Since K = 8.18 exceeds the critical value of 5.99, we reject the null hypothesis at the 5% significance level. There is statistically significant evidence that the three customers differ in their payment times for Pox shipments.

15.13.7 Post-Hoc Pairwise Comparisons

When we reject the null hypothesis in the Kruskal-Wallis test, the logical next step is to determine which specific pairs of populations differ significantly. This is similar to Tukey’s HSD procedure used after ANOVA.

15.13.7.1 Procedure

  1. Calculate the average rank for each sample:

\bar{R}_i = \frac{R_i}{n_i}

For the Pox example:

\begin{aligned} \bar{R}_1 &= \frac{62}{7} = 8.86 \\[8pt] \bar{R}_2 &= \frac{34.5}{6} = 5.75 \\[8pt] \bar{R}_3 &= \frac{74.5}{5} = 14.90 \end{aligned}

  1. Calculate absolute differences between all pairs of average ranks:

\begin{aligned} |\bar{R}_1 - \bar{R}_2| &= |8.86 - 5.75| = 3.11 \\ |\bar{R}_1 - \bar{R}_3| &= |8.86 - 14.90| = 6.04 \\ |\bar{R}_2 - \bar{R}_3| &= |5.75 - 14.90| = 9.15 \end{aligned}

  1. Calculate the critical difference C_k for each pair:

C_k = \sqrt{\chi^2_{\alpha, k-1} \left[\frac{n(n+1)}{12}\right]\left[\frac{1}{n_i} + \frac{1}{n_j}\right]} \tag{15.5}

where \chi^2_{\alpha, k-1} is the chi-square critical value used in the original test (5.99 in this case).

Comparison 1 vs 2:

\begin{aligned} C_k &= \sqrt{5.99 \left[\frac{18 \times 19}{12}\right]\left[\frac{1}{7} + \frac{1}{6}\right]} \\[8pt] &= \sqrt{5.99 \times 28.5 \times 0.3095} \\[8pt] &= \sqrt{52.83} \\[8pt] &= 7.27 \end{aligned}

Since |\bar{R}_1 - \bar{R}_2| = 3.11 < 7.27, Customer 1 and Customer 2 do not differ significantly.

Comparison 1 vs 3:

\begin{aligned} C_k &= \sqrt{5.99 \left[\frac{18 \times 19}{12}\right]\left[\frac{1}{7} + \frac{1}{5}\right]} \\[8pt] &= \sqrt{5.99 \times 28.5 \times 0.3429} \\[8pt] &= \sqrt{58.53} \\[8pt] &= 7.65 \end{aligned}

Since |\bar{R}_1 - \bar{R}_3| = 6.04 < 7.65, Customer 1 and Customer 3 do not differ significantly.

Comparison 2 vs 3:

\begin{aligned} C_k &= \sqrt{5.99 \left[\frac{18 \times 19}{12}\right]\left[\frac{1}{6} + \frac{1}{5}\right]} \\[8pt] &= \sqrt{5.99 \times 28.5 \times 0.3667} \\[8pt] &= \sqrt{62.60} \\[8pt] &= 7.91 \end{aligned}

Since |\bar{R}_2 - \bar{R}_3| = 9.15 > 7.91, Customer 2 and Customer 3 differ significantly.
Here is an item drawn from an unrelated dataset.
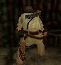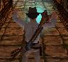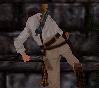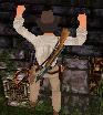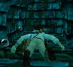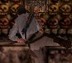 Keine Angst, er tut Dir nichts. Er nimmt Dir nur alles ab, was Du hast, inklusive aller Artefakte. Ausserdem nimmt er Dich mit auf sein Schiff und sperrt Dich dort ein. Im nächsten Level darfst Du von diesem Schiff flüchten.

15.13.8 Summary Using Common Underlining

Groups that are not significantly different are connected by a common underline:

Table 15.5: Pairwise Comparison Summary
\bar{R}_2 \bar{R}_1 \bar{R}_3
5.75 8.86 14.90
                  
TipInterpretation
  • Customer 2 (average rank 5.75) pays significantly faster than Customer 3 (average rank 14.90)
  • Customer 1 (average rank 8.86) is not significantly different from either Customer 2 or Customer 3
  • Customers 2 and 1 form one homogeneous group; Customers 1 and 3 overlap in payment behavior
ImportantBusiness Recommendation

Customer 3 takes significantly longer to pay than Customer 2. Pox should:

  • Review credit terms with Customer 3
  • Consider payment incentives for early settlement
  • Adjust inventory allocation based on payment reliability
  • Monitor Customer 1’s payment patterns closely as it bridges both groups

15.14 14.12 Comparison of Non-parametric and Parametric Tests

Throughout this chapter, we have explored several non-parametric tests that can be applied when the strict assumptions required by parametric procedures cannot be met. Table 14.12 provides a comprehensive comparison.

Table 15.6: Comparison of Non-parametric and Parametric Tests
Non-parametric Test Purpose Assumption Not Required Parametric Counterpart
Chi-square Goodness of Fit Test whether data fits a hypothesized distribution Specific distribution shape None (unique)
Chi-square Test of Independence Test relationship between two categorical variables Normality of variables Pearson correlation (if continuous)
Sign Test Test location of population distribution using paired data Normal distribution of differences Paired t-test
Runs Test Test randomness of sequence None (unique)
Mann-Whitney U Test Compare two independent samples Normality of populations Independent samples t-test
Spearman Rank Correlation Test relationship between two ranked/ordinal variables Normality of both variables Pearson correlation coefficient
Kruskal-Wallis Test Compare three or more independent samples Normality of populations One-way ANOVA (F-test)
NoteWhen to Choose Non-parametric Tests

Use non-parametric tests when:

  1. Sample size is small (typically n < 30) and normality cannot be verified
  2. Data are ordinal (rankings, ratings) rather than interval or ratio scale
  3. Outliers are present that would distort parametric test results
  4. Distributions are highly skewed and transformations don’t help
  5. You want robust results that don’t depend on distribution shape

Trade-offs:

  • Advantages: Fewer assumptions, more robust to outliers, work with ordinal data
  • Disadvantages: Generally less statistical power than parametric tests when assumptions are met (requires larger sample to detect same effect)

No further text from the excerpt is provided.